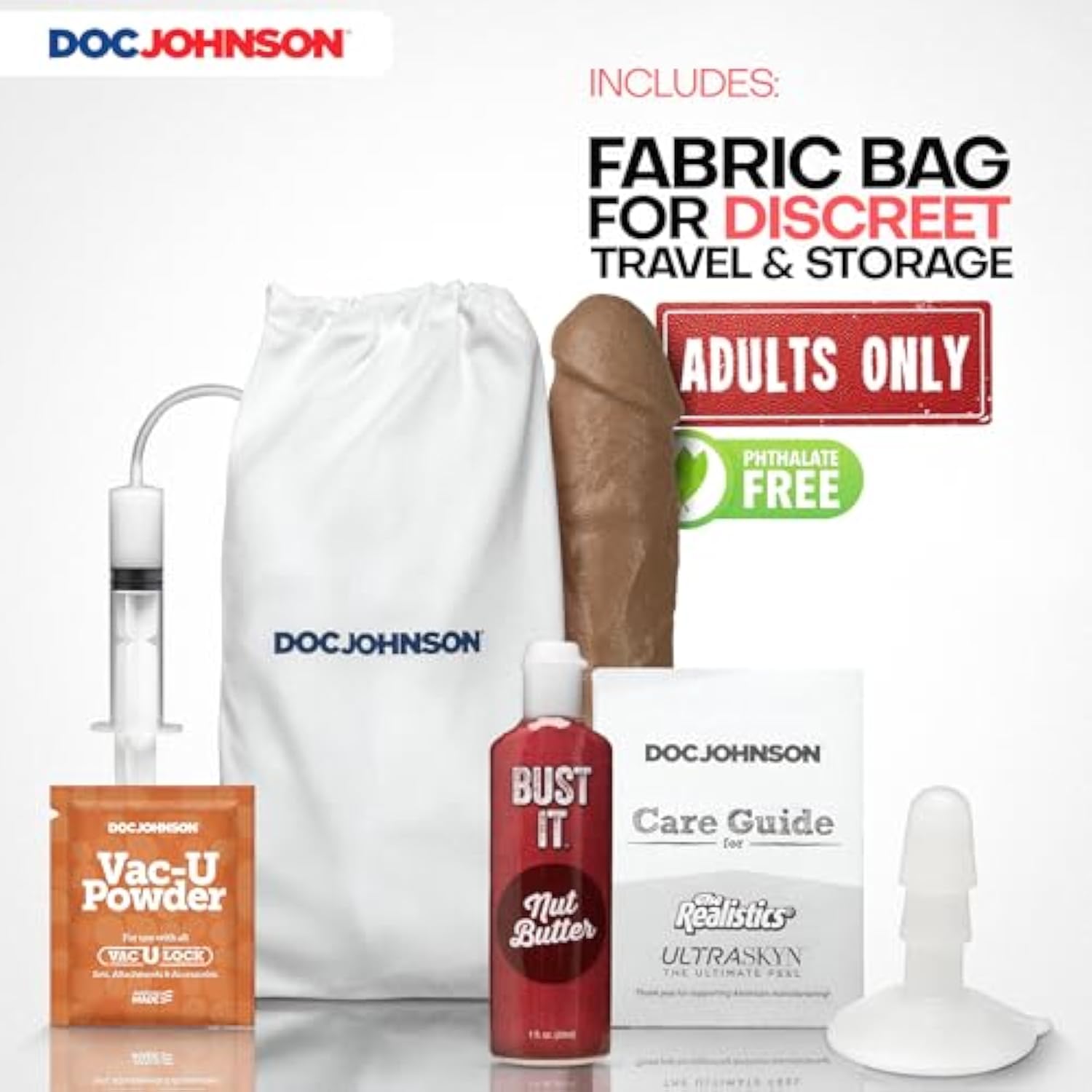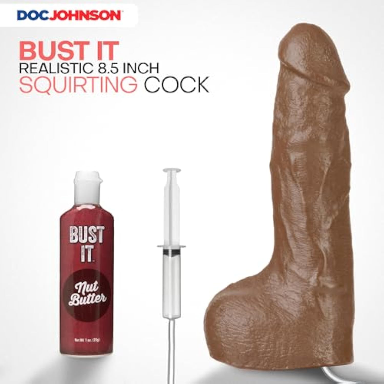 Doc Johnson Bust It - Squirting Realistic FIRMSKYN Dildo with Removable Vac-U-Lock Suction Cup - F-Machine and Harness Compatible - for Adults Only, Caramel
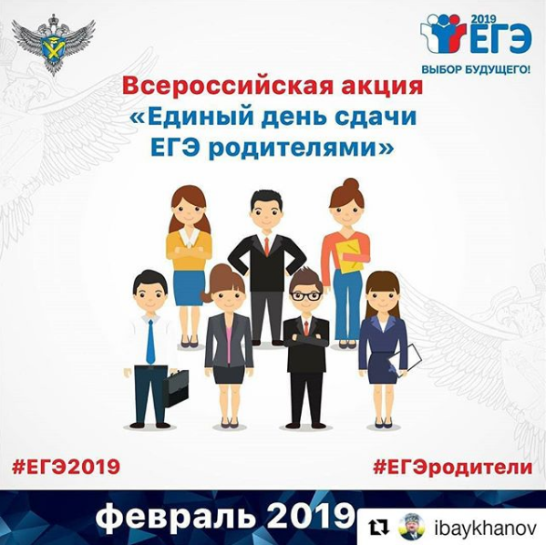 Всероссийская акция «Единый день сдачи ЕГЭ родителями», инициатором которой выступает Федеральная служба по надзору в сфере образования и науки, стартует 26 февраля в 11:00 в Москве. Родители выпускников смогут поменяться местами со своими детьми и пройти всю процедуру ЕГЭ. Акция призвана помочь выпускникам, их родителям и педагогам снять лишнее напряжение, связанное с подготовкой к ЕГЭ. Помимо родителей, возможность сдать экзамен в этот день предоставляется и представителям СМИ.
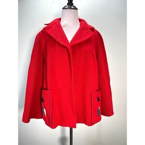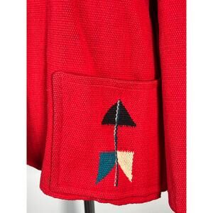 Stunning, red wool jacket made from a genuine Chimayo weaving from El Grandee by Fred Harvey. Historically a Southwestern tourist souvenir, these vintage jackets have become incredibly collectible. This is a gorgeous example in a warm red wool with multi colored woven accents. It has a one-size flatters a few open swing shape and is in very good condition.
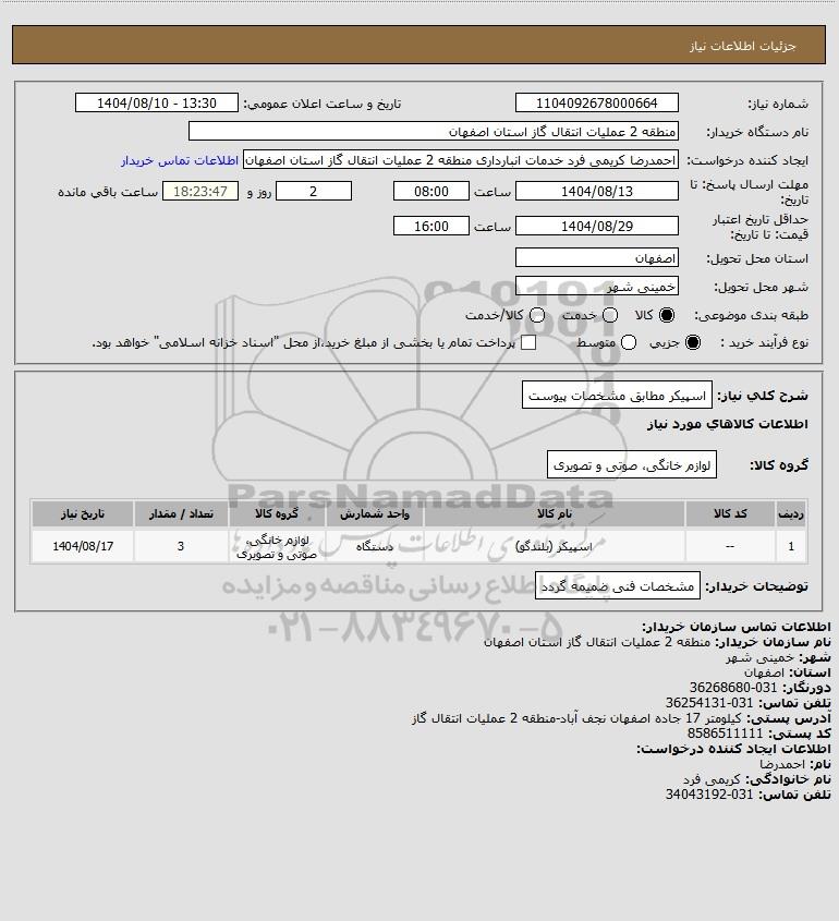 شرح کلی نیاز: اسپیکر مطابق مشخصات پیوست
━━━
Copy each line above exactly, with no images.

Exercise response →
 Doc Johnson Bust It - Squirting Realistic FIRMSKYN Dildo with Removable Vac-U-Lock Suction Cup - F-Machine and Harness Compatible - for Adults Only, Caramel
 Всероссийская акция «Единый день сдачи ЕГЭ родителями», инициатором которой выступает Федеральная служба по надзору в сфере образования и науки, стартует 26 февраля в 11:00 в Москве. Родители выпускников смогут поменяться местами со своими детьми и пройти всю процедуру ЕГЭ. Акция призвана помочь выпускникам, их родителям и педагогам снять лишнее напряжение, связанное с подготовкой к ЕГЭ. Помимо родителей, возможность сдать экзамен в этот день предоставляется и представителям СМИ.
 Stunning, red wool jacket made from a genuine Chimayo weaving from El Grandee by Fred Harvey. Historically a Southwestern tourist souvenir, these vintage jackets have become incredibly collectible. This is a gorgeous example in a warm red wool with multi colored woven accents. It has a one-size flatters a few open swing shape and is in very good condition.
 شرح کلی نیاز: اسپیکر مطابق مشخصات پیوست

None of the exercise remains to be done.